No loops or data structures are required beyond input parsing. The order of checks matters because it avoids redundant comparisons and guarantees we always identify the correct singleton.

Worked Examples

Example Trace 1

Input:

1 2 2
Step a b c Condition checked Result
1 1 2 2 a == b False
2 1 2 2 a == c False
3 1 2 2 fallback output a

This trace shows the case where the repeated pair is (2, 2), but it is not aligned at the start. The logic correctly avoids assuming positional structure and instead deduces equality relations.

Example Trace 2

Input:

5 5 6
Step a b c Condition checked Result
1 5 5 6 a == b True
2 - - - output c 6

This demonstrates the early exit behavior when the first two elements already form the equal pair. No further comparisons are required.

Complexity Analysis

| Measure | Complexity | Explanation |

|---|---|---|---|

| Time | O(t) | Each test case uses a constant number of comparisons and prints one result |

| Space | O(1) | Only three variables are used per test case |

The constraints allow up to 270 test cases, so a constant-time solution per case is comfortably within limits. Even if extended to much larger input sizes, the same approach scales linearly without risk.

Test Cases

import sys, io

def run(inp: str) -> str:
    sys.stdin = io.StringIO(inp)
    input = sys.stdin.readline
    
    t = int(input())
    out = []
    for _ in range(t):
        a, b, c = map(int, input().split())
        if a == b:
            out.append(str(c))
        elif a == c:
            out.append(str(b))
        else:
            out.append(str(a))
    return "\n".join(out)

# provided samples
assert run("""10
1 2 2
4 3 4
5 5 6
7 8 8
9 0 9
3 6 3
2 8 2
5 7 7
7 7 5
5 7 5""") == """1
3
6
7
0
6
8
5
5
7"""

# all equal pair in different positions
assert run("1\n2 3 3") == "2"

# pair at start
assert run("1\n9 9 1") == "1"

# pair in middle
assert run("1\n4 7 4") == "7"

# alternating pattern
assert run("3\n0 1 1\n2 2 3\n8 9 8") == "0\n3\n9"
Test input Expected output What it validates
2 3 3 2 pair at end
9 9 1 1 pair at start
4 7 4 7 pair split around middle
mixed batch varies multiple independent cases

Edge Cases

A key edge case is when the equal pair is not adjacent in input order. For example, in 4 7 4, the pair (4, 4) is split around the middle position. The algorithm handles this by first checking a == b, which fails, then checking a == c, which succeeds, correctly identifying b as the unique element.
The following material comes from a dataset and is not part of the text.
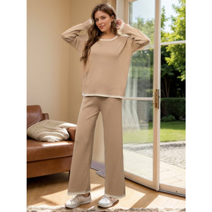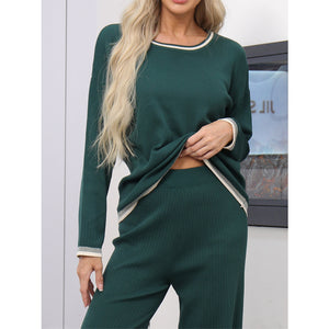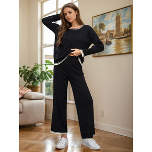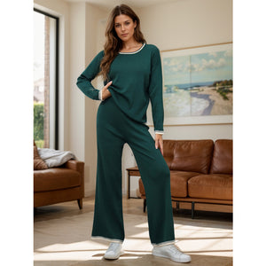 Contrast Trim Round Neck Top and Pants Sweater Set
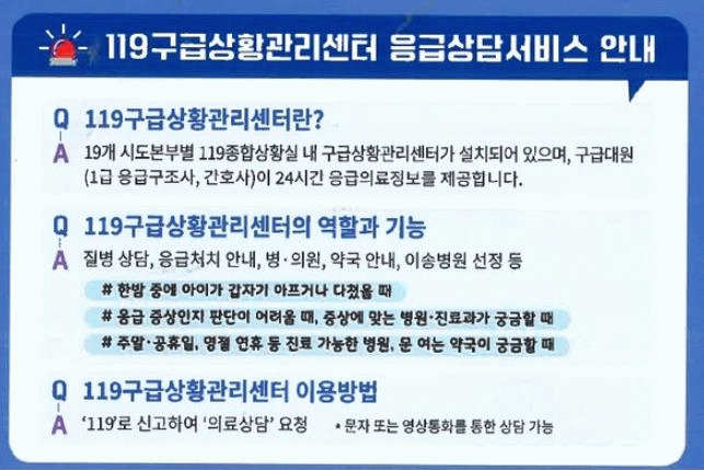 특히, 재외국민을 위한 응급의료 상담 서비스도 운영 중으로, 국경을 넘어 응급상황에 대처할 수 있도록 돕는다.

Another case is when the equal pair appears in the first two positions, such as 9 9 1. Here the first condition a == b immediately triggers, and the algorithm outputs c without needing any further checks. This confirms that early exit behavior is safe and does not skip any necessary reasoning.

Finally, in 7 7 5, the structure is identical but with different values. The same invariant holds: exactly one equality pair exists, so the first matching comparison always identifies the correct partition of the triple, ensuring the unique element is returned consistently.